The Biochemistry and Structural Biology Unit offers the following services
Common Reagents for the Department
The Unit ensure production or assistance in purification of selected enzymes of common usage for the Department, such as Tn5 transposase, TAT-Cre recombinase, 3C protease, Cas9, etc...
Protein Expression and Purification Strategies
The Unit provides expert advice in construct design, protein expression and purification; manages protein production in insect cells (baculovirus expression system), production of secreted proteins in insect cells and HEK cells.
The Unit provides assistance in analysis of secondary and tertiary structure predictions, as well as in strategies of protein expression and purification. Experience in proteins co-expression and complex purifications might be of paramount importance in studying molecular mechanisms of complex biological systems.
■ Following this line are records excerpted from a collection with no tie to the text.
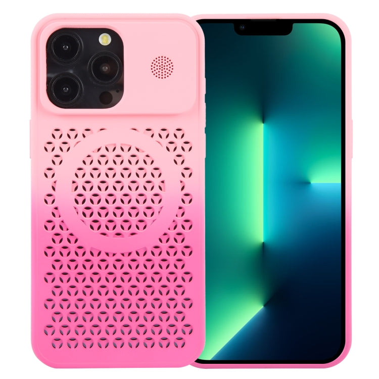 Estuche Magnético para Teléfono iPhone 13 Pro Max con Aromaterapia y Enfriamiento de Panal (Rosa + Rojo Rosa)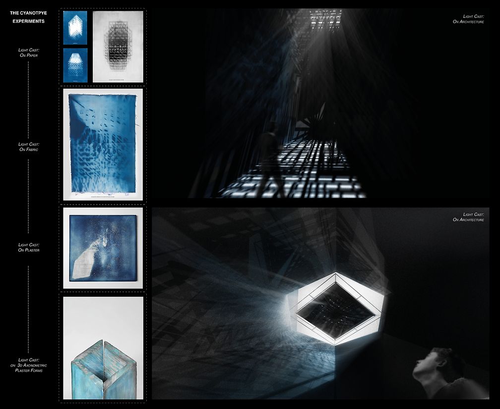 The cyanotype process applied to architectural space creating a phenomenological experience: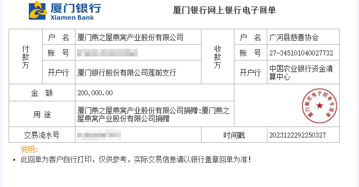 圖:燕之屋向甘肅省臨夏州積石山縣捐贈救災(zāi)資金20萬元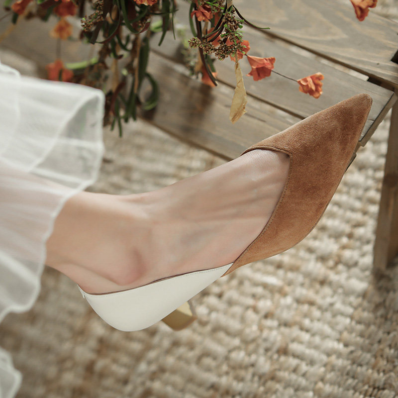 Givenivan uses contrasting colors to ingeniously attract attention~Black high-heeled 5 5cm female pointed toe with temperament and thick heel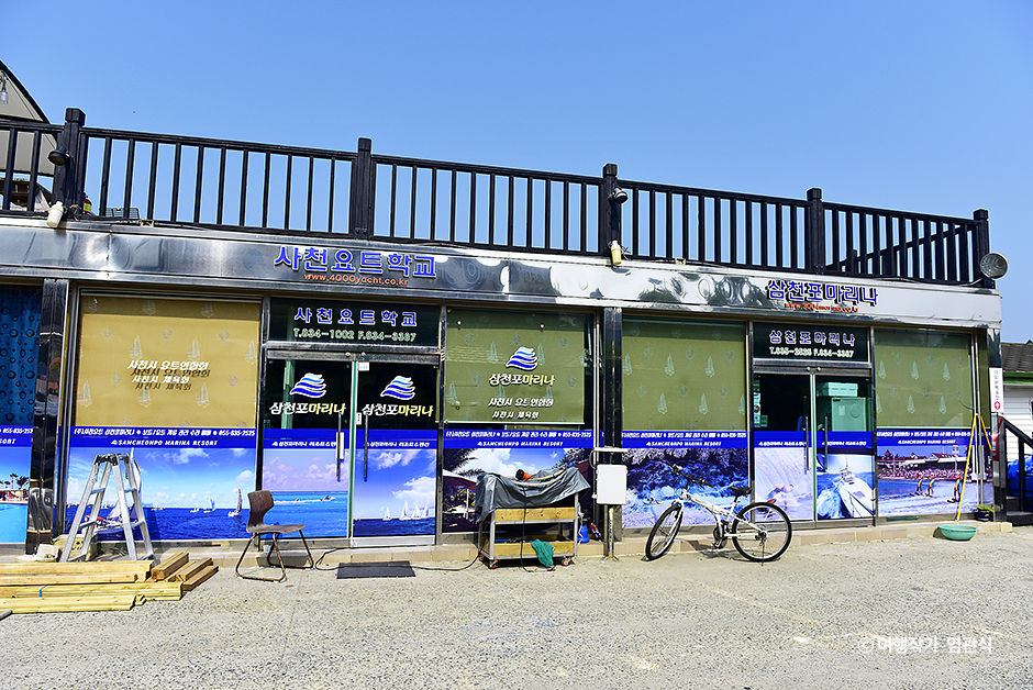 삼천포마리나는 리조트형 시설로 펜션에서부터 다양한 해양레포츠는 물론 요트 계류장과 요트학교까지 갖추고 있는 해양레저 전문 시설이다. 입구에는 다양한 보트와 요트들이 정박해 있고, 여름철이면 수상스키를 시작으로 바나나 보트, 땅콩 보트, 웨이크 보드, 보트 투어 등을 즐기는 가족 단위와 수련회 및 학생단체 MT 등의 방문이 많다. 삼천포에서도 이곳은 특히나 파도가 잔잔하면서 물이 맑은 청정해역으로 안전한 해양레저를 즐기기에 안성맞춤이다. 잔잔한 바다에 비해 바람은 시원스러워, 요트 항해에 적합하여 전문 요트학교가 운영 중이고, 관련 학과 학생들은 물론 일반인 대상으로도 다양한 단계의 교육을 진행한다. 기본 교육 수료 시에는 요트 대여해서 자유롭게 일대에서 세일링 및 선상 파티를 즐길 수 있다. 또한 넓은 계류장을 갖추고 있어서 요트 보관 및 관리를 돕는 서비스도 제공하고 있다. 이곳 실안해안도로 주변은 전국에서도 일몰이 아름다운 곳으로 손꼽히는 곳으로 일몰 무렵에 바다 위의 요트나 보트에서 바라보는 바다의 일몰 풍광은 인상적인 추억거리가 된다.

The baculovirus expression system permits high levels of expression of recombinant proteins in insect cells. With respect to bacteria, it has the advantages of allowing production of larger targets, which will get properly post-translationally modified by the eukaryotic cell. We express proteins and multi-protein complexes in insect cells with the Bac-to-Bac and GoldenBac system, and offer a complete service that goes from gene cloning to protein production.
Protein Characterisation and Affinity Determination Assays
The Unit provides service and instrumentation for the measurement of binding affinities of macromolecular complexes (ITC and Fluorescence Polarization assays), the determination of oligomeric state of proteins in solution (Static Light Scattering) and the identification of optimal buffer/ligand conditions (Thermal Shift assays).
Crystallogenesis and X-ray Structure Determination
We manage an automated platform for the high-throughput crystallization of macromolecular samples.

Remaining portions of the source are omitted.